Passion and negativity

I just watched the anime of Shohoku vs. Sannoh (fan-made video: http://www.bilibili.com/video/av9591338/), and I was moved to tears again. I remember the last time I felt this way was when I watched the Shohoku vs. Sannoh game two years ago when I watched the HD remake of Slam Dunk.

As someone who's practically an athlete, I was influenced by Slam Dunk since childhood, always naively believing in "never giving up" and "always striving for first place." I've always lived with this belief. From the 100m to soccer, it's always been about getting first place, never second. Benefiting from my talent, although there have been many setbacks, I've ultimately achieved something.

I've always loved surpassing others, and I'm very proud to keep doing so.

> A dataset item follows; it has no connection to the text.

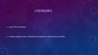 Il disastro di Chernobyl, avvenuto il 25-26 aprile 1986, è stato causato dall'incuria degli amministratori, portando a migliaia di morti e alla contaminazione di vasti territori. Le conseguenze includono un aumento dei casi di cancro, la morte di molte specie, e la devastazione ambientale permanenti. Il documento sottolinea l'importanza di un uso sicuro dell'energia nucleare e di meccanismi di sicurezza per prevenire futuri disastri.
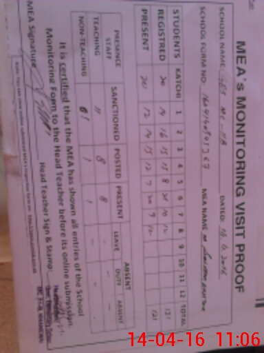 | Attendance Register | Head Teacher | MEA with School | Visit Proof |

This is my 100m record from my first year of high school, one of the few records I've ever broken.

热血与消极 - 222 - Jake blog

Time flies after graduating from university, and various beliefs decay along with it. It's not because I no longer dream of reaching the summit, but because I'm slowly overshadowed by various trivial matters and pressures. Sometimes, I feel extremely unwilling deep down, but I find it hard to clench my fists for long.

Today, I revisited the passion of the past—the familiar formula, but a different flavor—and realized the problem lay in compromise and disorganization. "This doesn't matter," "That doesn't matter," it felt like I'd already experienced or achieved all of this, and striving for it again would be exhausting and unfulfilling. I instantly lost heart. A team and a shared goal are crucial. Without a team and a goal, clenching your fists and gritting your teeth alone won't last.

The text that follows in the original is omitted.